### [Problem]
Exactly retype the lines below from the one containing "MAGNES EMBLEMAT HAFT" through the end of the listing. Leave pictures out.

### [Given data]
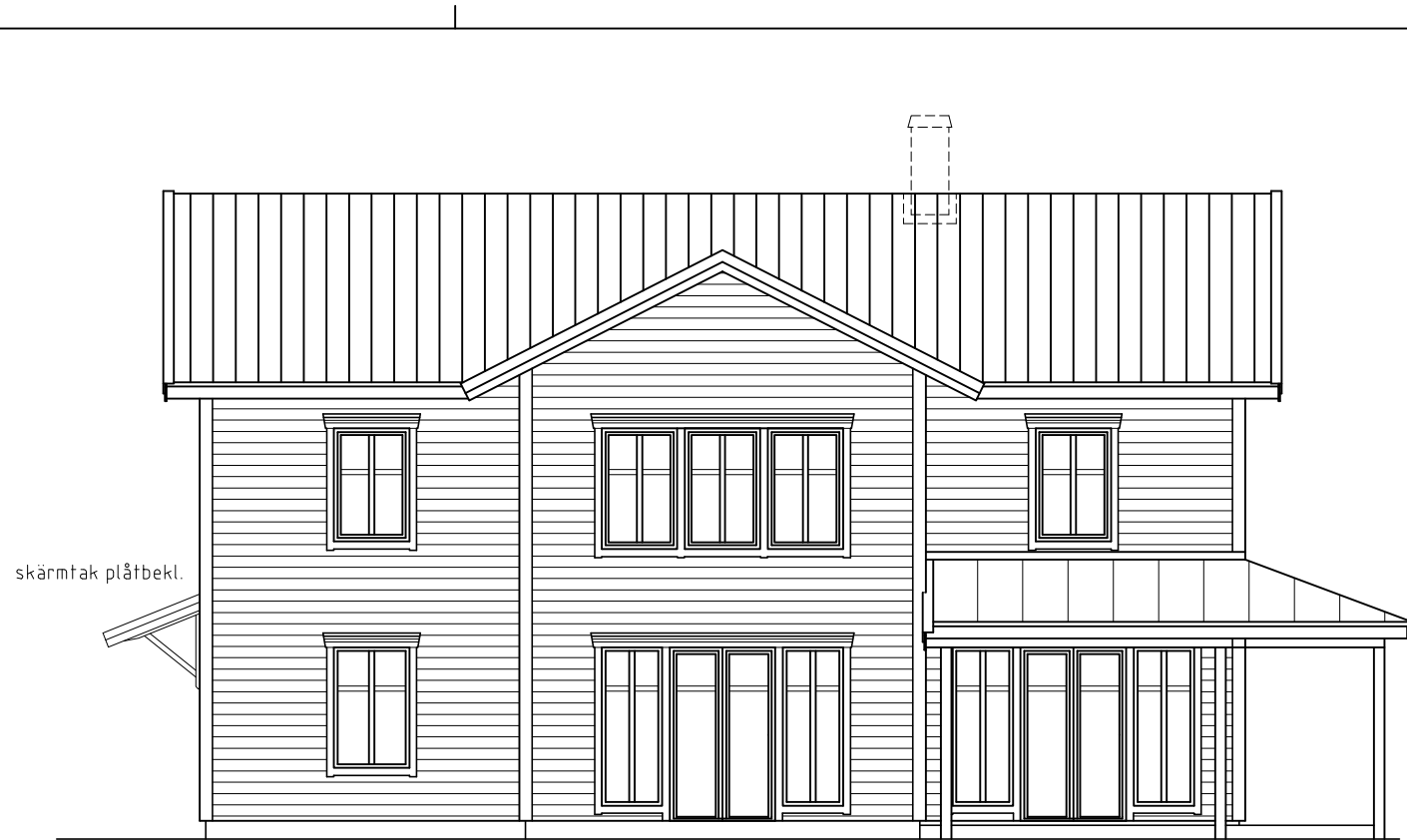
FASAD MOT NORDOST
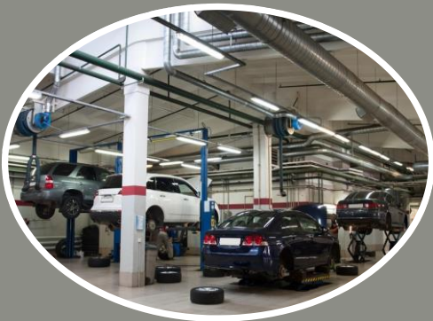
Warsztaty samochodowe, ASO;
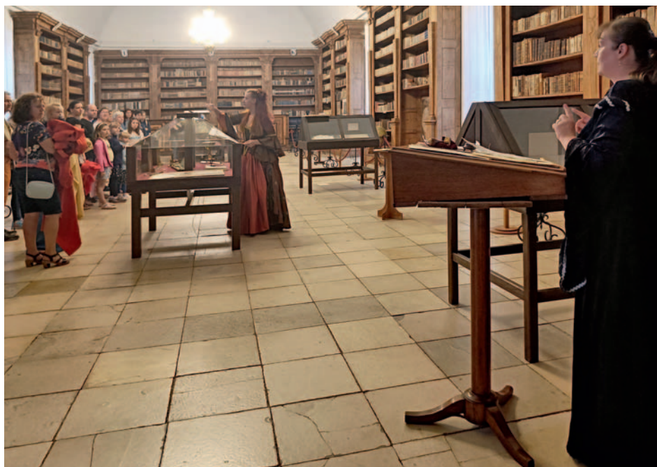
Noční prohlídky se již po řadu let staly součástí letní nabídky programů mikulovského muzea. Postavy z historie zdejšího panství provázejí návštěvníky zámeckými prostranstvími i svými vlastními příběhy.
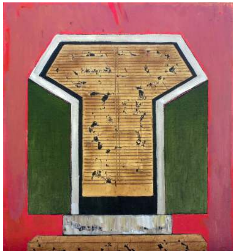
Tron 70/65,5 cm mixt -pânz
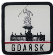
MAGNES EMBLEMAT HAFT MIASTO Magnes haftowany z możliwością przerobienia na przyprasowanąkę.
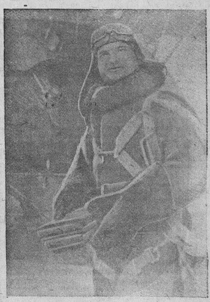
Действующая Армия. Знаменитый снайпер Герой Советского Союза гвардии старшина Николай ИЛЬИН, истребивший 459 немецких солдат и офицеров и подготовивший свыше 70 снайперов.

### [Output of the task]
MAGNES EMBLEMAT HAFT MIASTO Magnes haftowany z możliwością przerobienia na przyprasowanąkę.
Действующая Армия. Знаменитый снайпер Герой Советского Союза гвардии старшина Николай ИЛЬИН, истребивший 459 немецких солдат и офицеров и подготовивший свыше 70 снайперов.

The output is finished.